Gretchen’s jaw dropped, her stomach churned, and she gasped audibly as soon as the woman’s hands uncovered her eyes and she looked into the mirror. Her face, under the garish makeup was ashen gray. Who was that poor, pitiful, hideous creature in that awful dress? She was oblivious to the chatter and bustling activity around her, the fingers fussing with her hair, as she stared at the girl in the mirror. She was unrecognizable. Sure, she knew she was staring at herself, but it wasn’t. The girl’s eyes were sad. Dark circles were covered with heavy make-up as was the rest of her face. The eyelids had been painted a particularly ugly shade of blue, which clashed with the brilliant blue of her eyes.
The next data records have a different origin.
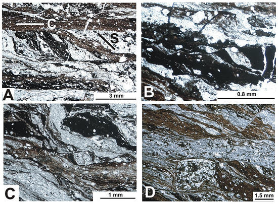 Thin section micrographs of the reddish cataclasite/tectonic breccia which formed at the brittle–ductile transition. Note the foliation and flow fabrics! (A) Foliated sample with S-C fabric. (B) Altered feldspar crystal in dark matrix, sheared into three fragments (center), which become larger to the right. Shearing ensued parallel to the foliation. Note that the fragments display size and shape match across the shear planes. The shear planes are mineralized (light surfaces in dark matrix; left shear plane is deformed). (C) Altered feldspar crystal, sheared into two fragments (center) parallel to the foliation. The fragments display size and shape match across the shear planes. (D) Large porphyroclast system with pressure shadows displaying stair-stepping geometry (center bottom). Moreover, note the probable synthetic shear plane displacing the foliation (upper right and upper center). The long sides of the micrographs are parallel to the main foliation. All PPL.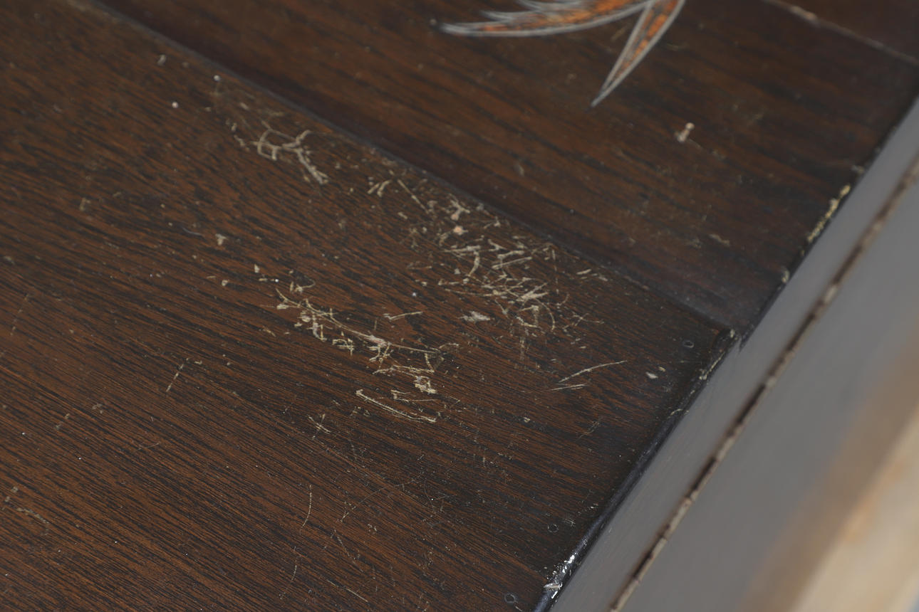 crack to the top, some marks and scratches to the top and in other places, some marks around the legs.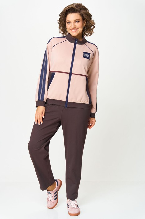 Этот стильный спортивный костюм из двух предметов сочетает в себе практичность и современный дизайн, идеально подходящий для активного образа жизни или повседневной носки. Комплект включает бомбер на молнии и брюки, выполненные в гармоничной цветовой палитре. Бомбер прямого силуэта с центральной застежкой-молнией, выполнен из мягкого трикотажного материала. Основной цвет — нежно-розовый с контрастными вставками темно-синего и шоколадного оттенка на рукавах и груди. Рукава украшены декоративными полосами, а на левой стороне груди расположен декоративный элемент с напечатанным логотипом для акцента. Манжеты и нижний край с резинкой обеспечивают плотную посадку, внутренняя подкладка отсутствует.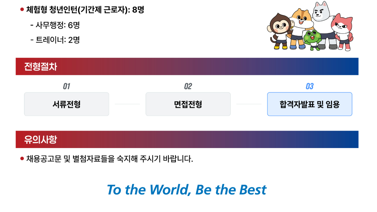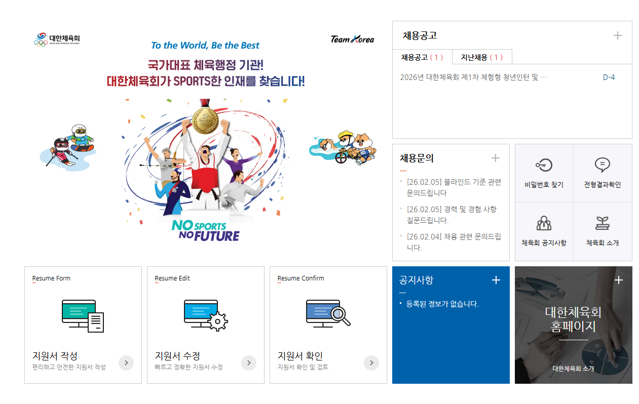 2026년 제1회 대한체육회(KSOC)에서는 '책임 있는 변화로 다시 뛰는 대한체육회' 를 함께 구현할 우수한 인재를 공개 채용합니다. Team Korea의 일원이 되서 함꼐 일할 분들의 많은 지원 바랍니다.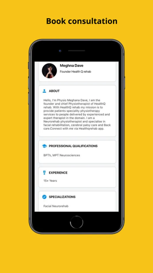 HealthQ rehab is a physical rehab platform on the mission to provide effective, efficient, affordable and accessible physiotherapy and physical rehab services to people with various movement related disorders. Our team of specialist physiotherapist comprise to specialist like musculoskeletal physiotherapist, neuro rehab physiotherapist, pediatric physiotherapist, women's health physiotherapist, cardiopulmonary physiotherapist, sports physiotherapist and yoga therapist.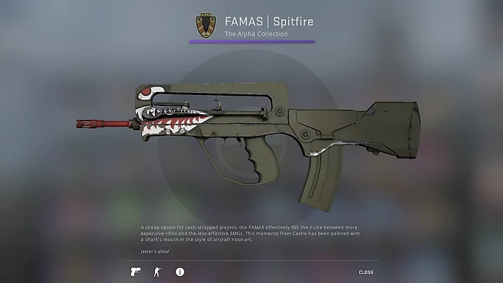 Этот скин на Famas – торжество минимализма. Создатель раскраски просто сделал пушку серо-зеленой и поместил на переднюю часть зубастую морду, как часто делали на истребителях.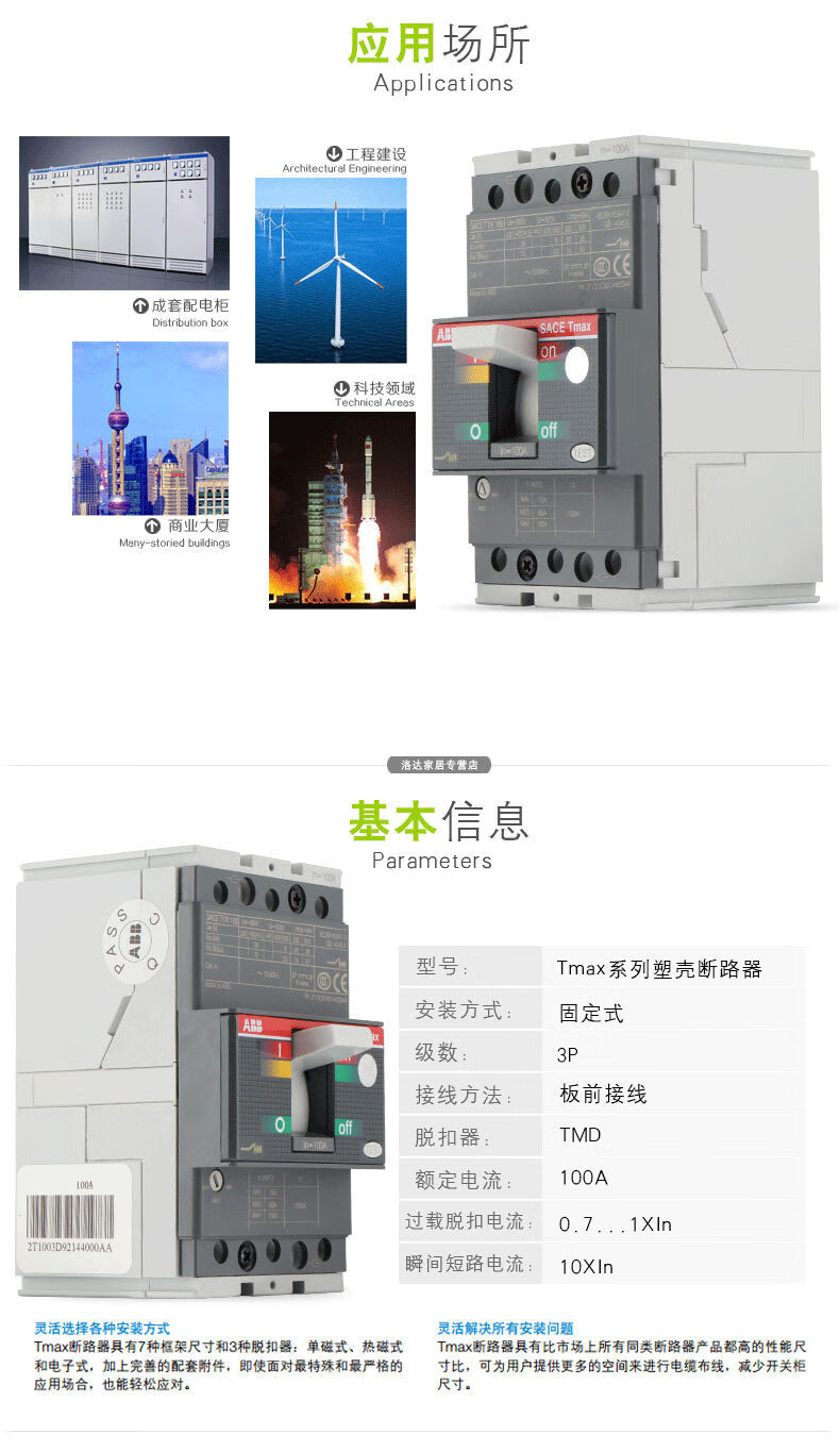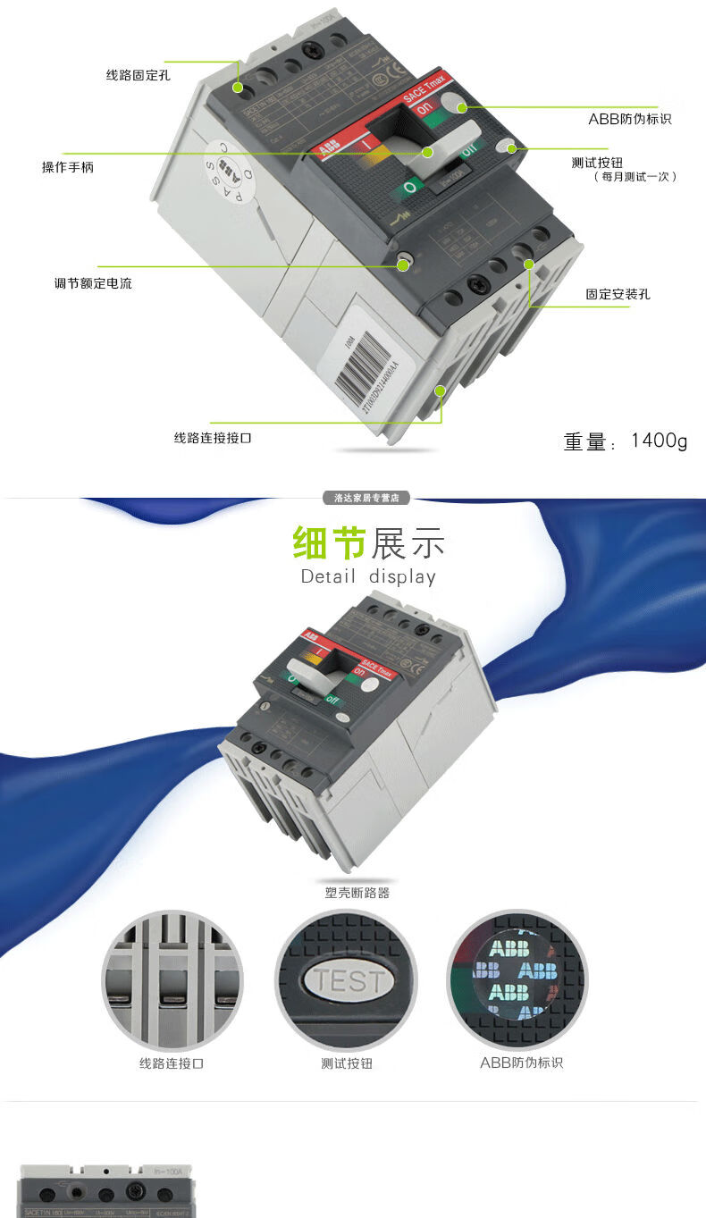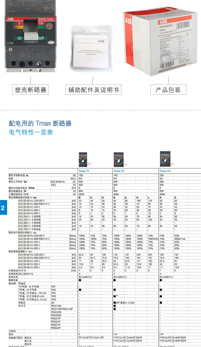 ABB molded case circuit breaker T5N400A T5N630A T6N630A T6N800 T7S1250A air open 250A 3P

Her cheeks were orange, and her lips, oh my. The lips were bubble gum pink.
Gretchen forced back tears. What did these horrible women do to her? Gretchen’s long blond hair had been curled, teased, piled high and glued with a case of hair spray. On the top of her head was a silver crown with poufs of satin and lace which was her train and veil. She dared not look down. It was like looking at a bloody accident. Horrible, but compelled to look. The garment started under Gretchen’s chin. It was an ugly, vaguely off-white satin with ruffles. Lots and lots of ruffles. The top of the collar, just under her chin was lined with ruffles. Its shoulders puffed up as if a child had cut and sewn the dress and stuffed it with pillows then glued all the scraps onto the shoulder and sleeves.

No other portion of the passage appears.